Re: Improving N-Distinct estimation by ANALYZE

From: Greg Stark <gsstark(at)mit(dot)edu>
To: Josh Berkus <josh(at)agliodbs(dot)com>
Cc: tshipley(at)deru(dot)com, pgsql-hackers(at)postgresql(dot)org
Subject: Re: Improving N-Distinct estimation by ANALYZE
Date: 2006-01-05 15:12:29
Message-ID: 87d5j64ski.fsf@stark.xeocode.com
Views: Raw Message | Whole Thread | Download mbox | Resend email
Thread:
Lists: pgsql-hackers


Josh Berkus <josh(at)agliodbs(dot)com> writes:

> > These statements are at odds with my admittedly basic understanding of
> > statistics. Isn't the power of a sample more related to the absolute size of
> > the sample than the sample as fraction of the population? Why not just pick
> > a smallish sample size, say about 3000, and apply it to all the tables, even
> > the ones with just a single row (modify appropriately from block sampling).
>
> Nope, it's definitely proportional. As a simple example, a sample of 500 rows
> in a table of 1000 rows should yeild stats estimates with 90%+ accuracy.
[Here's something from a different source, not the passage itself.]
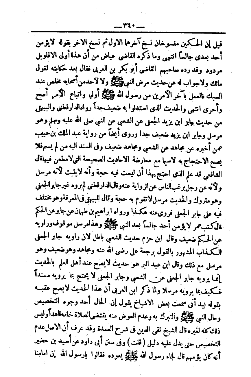 وَقَالَ الْبَيْهَقِيُّ فِي الْمَعْرِفَةِ وَهُوَ مُخْتَلَفٌ فِيهِ عَلَى جَابِرٍ الْجُعْفِيِّ فَرُوِيَ عَنْهُ هَكَذَا وَرَوَاهُ إبْرَاهِيمُ بْنُ طَهْمَانَ عَنْ جَابِرٍ عَنْ الْحَكَمِ قَالَ كَتَبَ عُمَرُ لَا يَؤُمَّنَّ أَحَدٌ جَالِسًا بَعْدَ النَّبِيِّ - صَلَّى اللَّهُ عَلَيْهِ وَسَلَّمَ - وَهَذَا مُرْسَلٌ مَوْقُوفٌ وَرَاوِيهِ عَنْ الْحَكَمِ ضَعِيفٌ وَقَالَ ابْنُ حَزْمٍ حَدِيثُ الشَّعْبِيِّ بَاطِلٌ لِأَنَّ رَاوِيَهُ جَابِرٌ الْجُعْفِيُّ الْكَذَّابُ الْمَشْهُورُ بِالْقَوْلِ بِرَجْعَةِ عَلِيٍّ - رَضِيَ اللَّهُ عَنْهُ - وَمُجَاهِدٌ وَهُوَ ضَعِيفٌ وَهُوَ مُرْسَلٌ مَعَ ذَلِكَ وَقَالَ ابْنُ عَبْدِ الْبَرِّ هُوَ حَدِيثٌ لَا يَصِحُّ عِنْدَ أَهْلِ الْعِلْمِ بِالْحَدِيثِ إنَّمَا يَرْوِيهِ جَابِرٌ الْجُعْفِيُّ عَنْ الشَّعْبِيِّ وَجَابِرٌ الْجُعْفِيُّ لَا يُحْتَجُّ بِمَا يَرْوِيهِ مُسْنَدًا فَكَيْفَ بِمَا يَرْوِيهِ مُرْسَلًا وَلَمَّا ذَكَرَ ابْنُ الْعَرَبِيِّ أَنَّ هَذَا الْحَدِيثَ لَا يَصِحُّ عَقَّبَهُ بِقَوْلِهِ بَيْدَ أَنِّي سَمِعْت بَعْضَ الْأَشْيَاخِ يَقُولُ إنَّ الْحَالَ أَحَدُ وُجُوهِ التَّخْصِيصِ وَحَالُ النَّبِيِّ - صَلَّى اللَّهُ عَلَيْهِ وَسَلَّمَ - وَالتَّبَرُّكُ بِهِ وَعَدَمُ الْعِوَضِ مِنْهُ يَقْتَضِي الصَّلَاةَ خَلْفَهُ قَاعِدًا وَلَيْسَ ذَلِكَ كُلُّهُ لِغَيْرِهِ قَالَ الشَّيْخُ تَقِيُّ الدِّينِ فِي شَرْحِ الْعُمْدَةِ.

But a
> sample of 500 rows in a 600,000,000 row table is so small as to be nearly
> useless; it's quite possible to get all the same value in a random sample of <
> 0.1% even on a column with a D/N of 0.001. If you look at the papers cited,
> almost all researchers more recent than Chaudhuri use a proportional sample
> size.

To be clear Josh is talking specifically about the estimate of how many
distinct values a query will see. Not the more usual estimates of how many
records the query will see.

For estimating how many records a query like

SELECT * FROM tab WHERE x BETWEEN ? AND ?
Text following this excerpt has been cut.